Apparently there are several options. The most obvious and easiest is for the UK to reverse its position on Article 50 of the EU charter and simply end the whole Brexit effort. That would mean that the whole exercise ends immediately.

The other options will take more time and require Britain to ask the EU for an extension for its Brexit beyond March 29. What will be the reaction by Brussels is not clear, but the EU most likely would grant an extension.

Another option is for the Prime Minister to step down from her position and for the country to call new general elections. That would mean a fairly long drawn out process of campaigns and electioneering with no certain outcome. If that were to happen, Brexit would probably be back at square one.

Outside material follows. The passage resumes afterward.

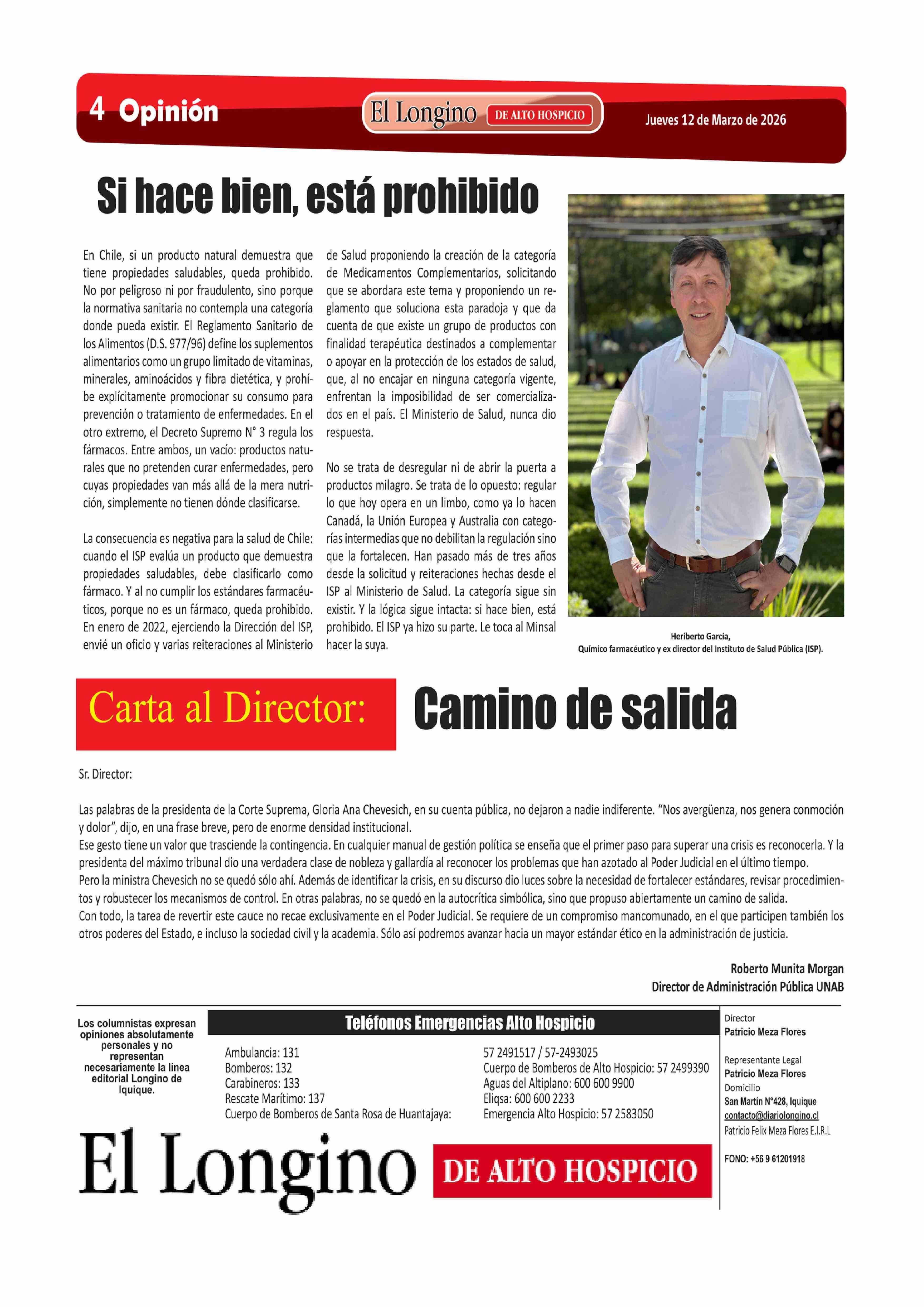 | Fecha: | 12-03-2026 | Sector: | Columnas de Opinión | Región: | Región de Tarapacá |

Then, there is the possibility for Britain to call another referendum on Brexit. That, too, would take quite some time with an uncertain outcome, despite the overwhelming “No” vote in Parliament.

Finally there is the option for renegotiations with Brussels. That would require for Prime Minister May to be able to hold on to her position or for a new prime minister to take the stage with the objective of Britain leaving the EU. Since it has taken two years to get to this stage, another round of talks would take at least that long and the outcome is as uncertain as another referendum.

There is one positive impact Parliament’s rejection of Brexit should have on the rest of Europe is that the various stirrings of a departure from the EU should now be put to rest. The most obvious one is Catalonia’s effort to leave its union with Spain. It is unlikely that Barcelona will again push for devolution. The same thing is true for Scotland. Even though PM Nicola Sturgeon has made noises of calling for a referendum on devolution, the likelihood of such an event now is greatly diminished.

Much will depend on whether PM May will be able to weather efforts to oust her from the Prime Minister position and what happens next. If she is ousted, will Labor take over and will that mean that the new PM will take up the cause for Brexit? Probably not. If she stays, how will she proceed? Will she keep battling for Brexit?